I just invested in a border planting of Gansu Tree Peonies. All of the Peonies are being treated the same but some look very healthy while 3 are seriously declining. Haven’t been able to figure out the cause.

Details below. Also included one pic of a healthy shrub and a few of the declining ones.

Any idea what the issue should be and how I could correct? Transplant stress I should wait out? Is it a fungus/sickness I should treat? Planting depth? Too much/little water? Get them out of that spot? Other?

Any help would be greatly appreciated.

Thanks,

Michael

-

Details

* I'm in CT about a mile from the coast of the sound. Zone 6.

* I'm told the tree peonies are about 10 years old and they are on their own root (though most still have the herbaceous graft as well)

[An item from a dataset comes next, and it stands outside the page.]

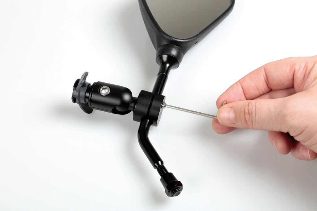 Spiegelbevestiging voor scooters en motoren (maar ook handig op rolstoel of scootmobiel) uitgerust met DUO LOCK connector voor montage van Opti-cases en accessoires. Past ook perfect op windscherm stangetjes van een scooter. Produktspecificaties: 9-14 mm klem. 360° instelbaar Maakt het gebruik van de accessoires verticaal en horizontaal mogelijk. Let op houder niet inbegrepen/exclusief

* Planted in winter. Had to pretty much break through frozen layer of ground to get them in. This is the first spring I've had them. Over last several weeks a few of the peonies have been wilting and their leaves have been shriveling at the edges. The most severe case is a division I took from a larger Peony

* At the sellers direction planted in a deep hole (3'x3') with equal parts mix of native soil, compost, and stone dust. Also tossed in a handful of lime to bring the Ph in range. Top dressed with mushroom compost as a mulch this spring and added some light general purpose fertilizer

* All the peonies leafed out (though some better than others). The healthiest ones had a few small flowers. As I understand, that is a poor showing for their age, but not unexpected given the recent stresses of being transplanted

* We've had a very wet spring with several weeks with 2”+ rain. Drip irrigation is set up to drench them infrequently (1x a week) but it has been turned off until recently.

* There is a walnut nearby. The closest Peony is probably about 15' from it. But the walnut leans steeply away from the plantings over a fence so no litter falls near the peonies. My research found that 'some peonies' have issues with juglone. But no one says which varieties nor mentions tree peonies. When planting I showed the seller the walnut and she didn't think it would be an issue.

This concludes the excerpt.